Books: China Miéville's Kraken describes a London where old gods go to retire, something out of an Unknown Armies RPG campaign, an urban fantasyscape that exuberantly makes use of every facet of everyday life in some insane magical way. I would SWEAR that some of the Moffat-era Doctor Who stories were inspired by single throwaway lines from this novel. The story follows various factions (and accidental initiates into this world) scurrying to find a giant squid specimen stolen from the Natural History Museum before it's used to trigger an Apocalypse, the writer reveling in plot contortions and convolutions along the way and getting us to a totally appropriate climax, at a place where you're able to forgive any red herrings you might have invested in. There are several characters in this I'm going to remember a long while, I think.

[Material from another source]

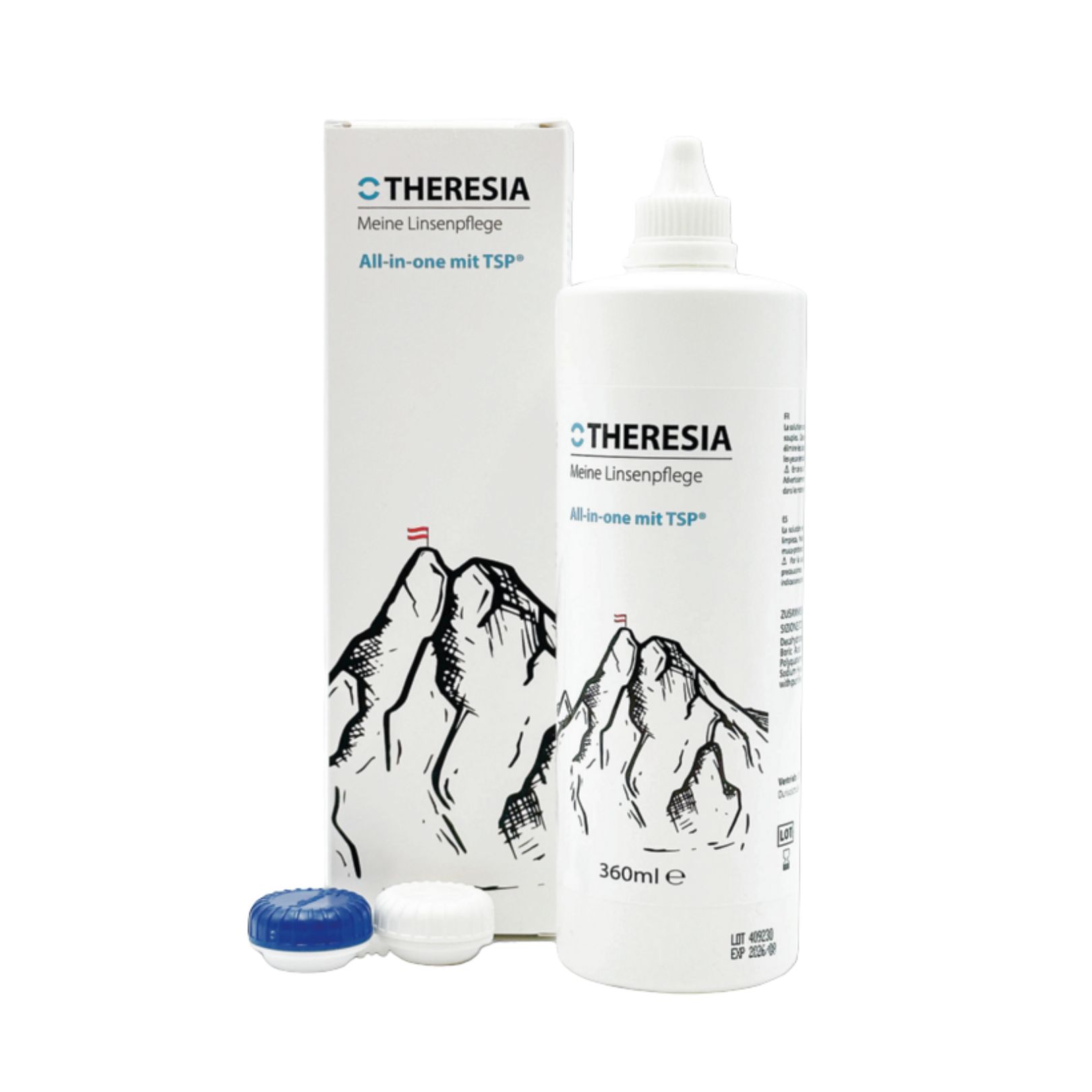 Die Theresia All-in-One Lösung unterstützt durch ihre umfassende Pflegewirkung ein durchgehend komfortables und sicheres Linsentragen, indem sie die Linsen von Ablagerungen befreit und ihre Benetzbarkeit erhält.

Miéville should always be having this much fun; it's infectious.
Theater: Went to a theater laboratory hosted by le Théâtre de la Cigogne (Theater of the Stork) where they presented a "draft" of their newest stage project, after which the audience was invited to discuss what they'd seen, felt, and understood. "Violences" is a series of tableaus (some realistic, some metaphorical) about misogyny and rape culture, what it does to our culture, to both men and women, and how it manifests as punctual or sustained violence. Can't wait to see the finished product down the line, but I thought it was all deeply interesting even at this early stage, and great to discover "accidents" in this cursory staging that actually made the play more interesting for me, and which they'll hopefully integrate. One of these, to give an example, was the limited workshopping cast, which meant a woman had to play several male roles. While it remained ambiguous, the idea that a woman acted/talked like a man (a "boy's club/Trump's bus" kind of man) created an incongruity that immediately started you thinking about how abnormal it all was, which should have led you to the next though - it's not normal when men do it either. Most of the tableaus in fact led you to question societal assumptions, creating an open dialog with the audience (even before the Q&A) without being too on the nose or moralizing. Thought-provoking and deeply effective, I think this troupe has another winner on its hands.